What does __asm__ __volatile__ do in C? - peter_d_sherman
https://stackoverflow.com/questions/26456510/what-does-asm-volatile-do-in-c
======
peter_d_sherman
Excerpt:

"The __volatile__ modifier on an __asm__ block forces the compiler's optimizer
to execute the code as-is. Without it, the optimizer may think it can be
either removed outright, or lifted out of a loop and cached.

This is useful for the rdtsc instruction like so:

__asm__ __volatile__("rdtsc": "=a" (a), "=d" (d) )

This takes no dependencies, so the compiler might assume the value can be
cached. Volatile is used to force it to read a fresh timestamp.

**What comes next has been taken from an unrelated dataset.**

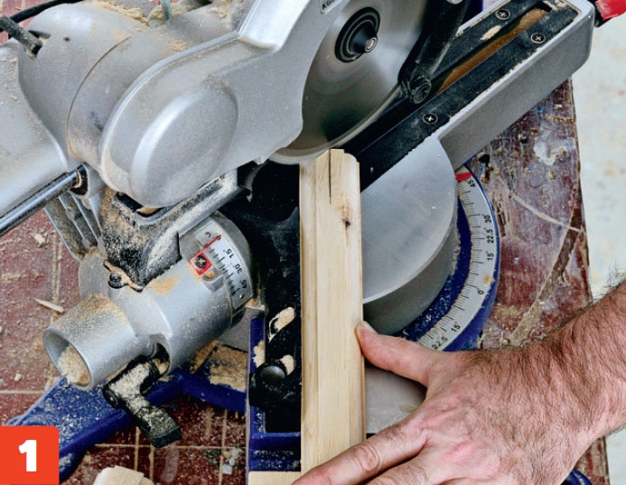 Sprossene kappes til. I den ene enden med gjæring, der sprossene skal møtes. I den andre enden kappes de vinkelrett.
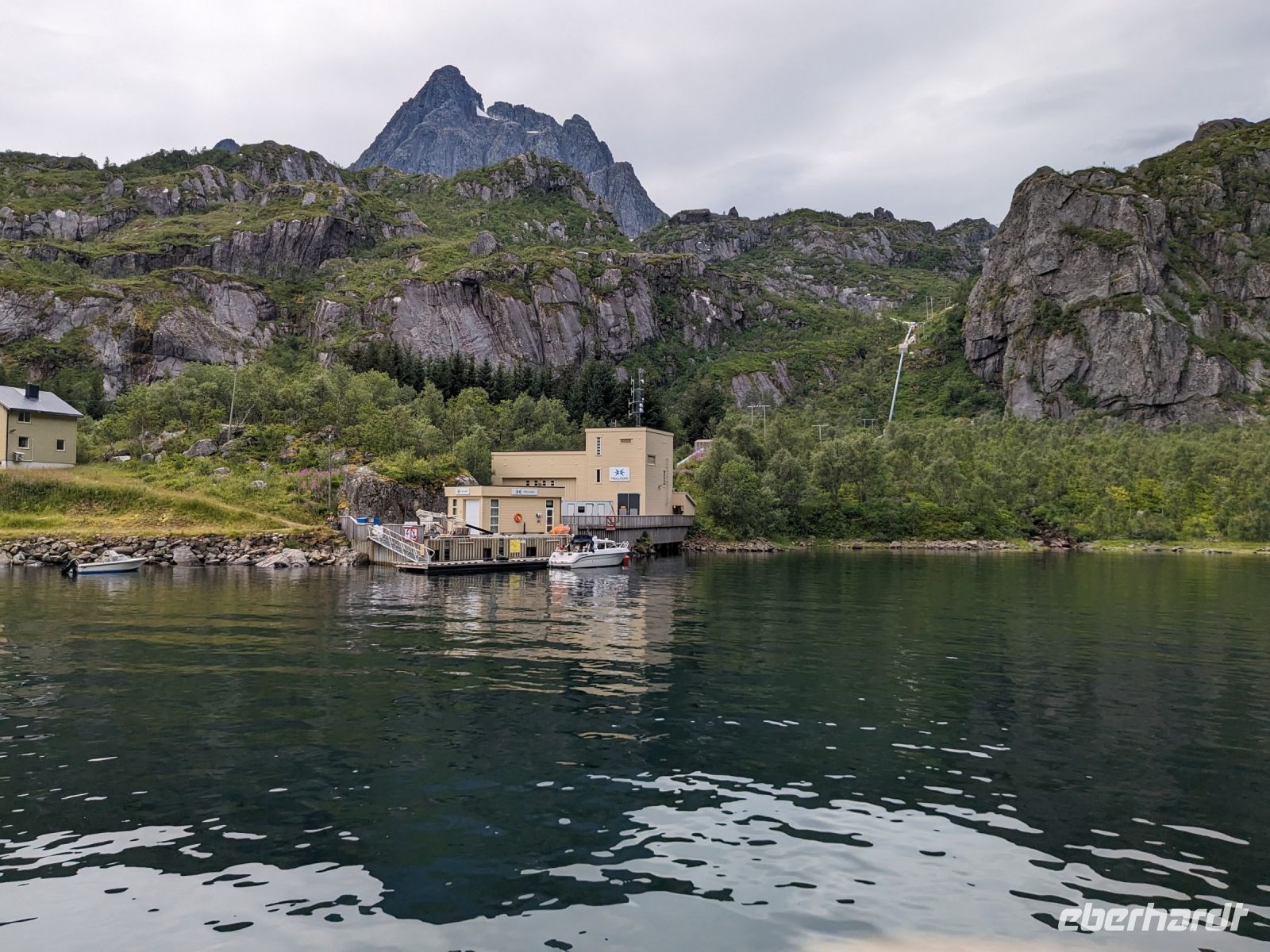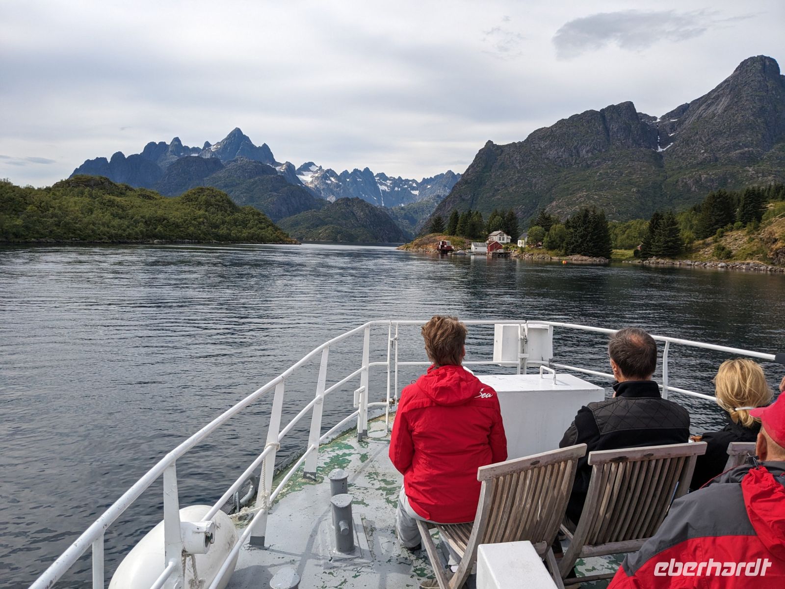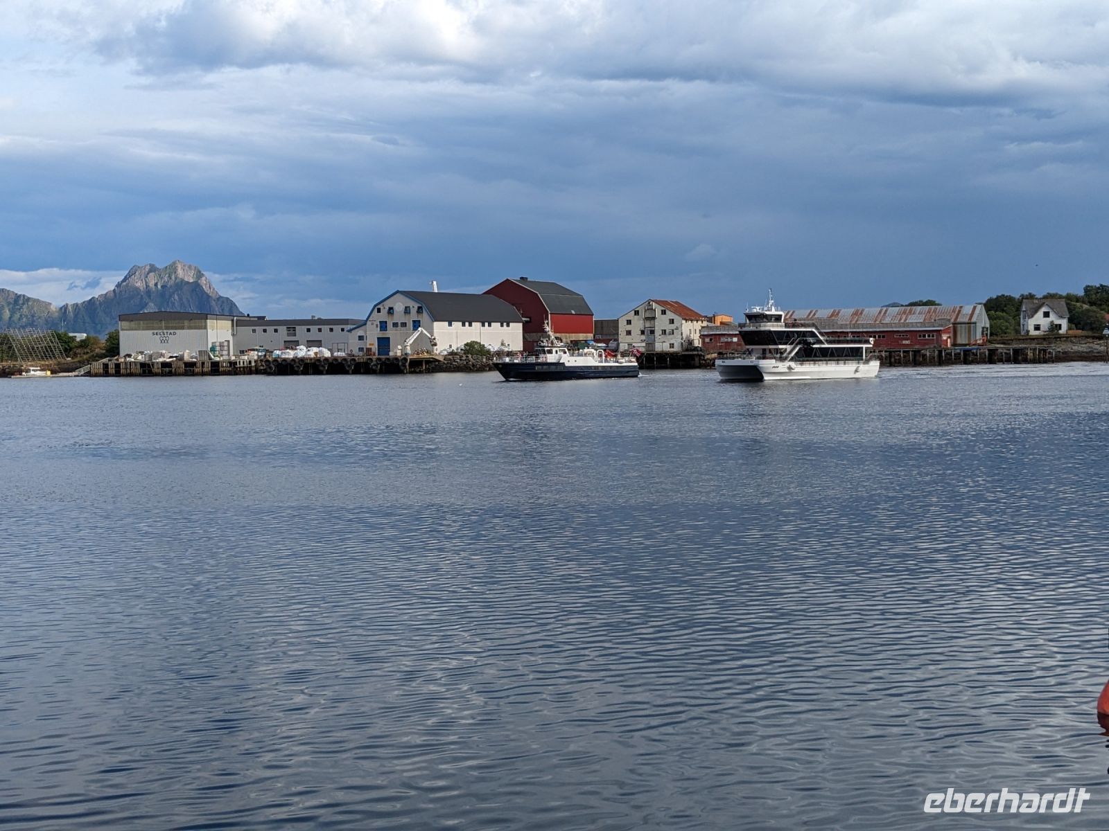 Später fuhren wir Richtung Süden, vorbei an der Tjeldsund-Brücke und durch die Tunnel- und Brückenverbindung auf die Lofoten. Nach Überquerung der letzten Brücke wurden wir im winzigen Hafen Hanøy von einem Schiff abgeholt: mit dem „Øykongen“ (auf Deutsch „Inselkönig“) starteten wir zu einer tollen Bootsfahrt, die uns durch den Raftsund – die Meerenge, die die Vesterålen von den Lofoten trennt - in den Trollfjord und in den Hauptort der Lofoten, nach Svolvær führen sollte. Unterwegs könnten wir, so hieß es, erwarten, Seeadler zu sehen, von denen viele hier nisten.

When used alone, like this:

__asm__ __volatile__ ("")

It will not actually execute anything. You can extend this, though, to get a
compile-time memory barrier that won't allow reordering any memory access
instructions:

__asm__ __volatile__ ("":::"memory")

The rdtsc instruction is a good example for volatile. rdtsc is usually used
when you need to time how long some instructions take to execute. Imagine some
code like this, where you want to time r1 and r2's execution:

__asm__ ("rdtsc": "=a" (a0), "=d" (d0) )

r1 = x1 + y1;

__asm__ ("rdtsc": "=a" (a1), "=d" (d1) )

r2 = x2 + y2;

__asm__ ("rdtsc": "=a" (a2), "=d" (d2) )

Here the compiler is actually allowed to cache the timestamp, and valid output
might show that each line took exactly 0 clocks to execute. Obviously this
isn't what you want, so you introduce __volatile__ to prevent caching:

__asm__ __volatile__("rdtsc": "=a" (a0), "=d" (d0))

r1 = x1 + y1;

__asm__ __volatile__("rdtsc": "=a" (a1), "=d" (d1))

r2 = x2 + y2;

__asm__ __volatile__("rdtsc": "=a" (a2), "=d" (d2))

Now you'll get a new timestamp each time, but it still has a problem that both
the compiler and the CPU are allowed to reorder all of these statements. It
could end up executing the asm blocks after r1 and r2 have already been
calculated. To work around this, you'd add some barriers that force
serialization:

__asm__ __volatile__("mfence;rdtsc": "=a" (a0), "=d" (d0) :: "memory")

r1 = x1 + y1;

__asm__ __volatile__("mfence;rdtsc": "=a" (a1), "=d" (d1) :: "memory")

r2 = x2 + y2;

__asm__ __volatile__("mfence;rdtsc": "=a" (a2), "=d" (d2) :: "memory")

Note the mfence instruction here, which enforces a CPU-side barrier, and the
"memory" specifier in the volatile block which enforces a compile-time
barrier. On modern CPUs, you can replace mfence:rdtsc with rdtscp for
something more efficient."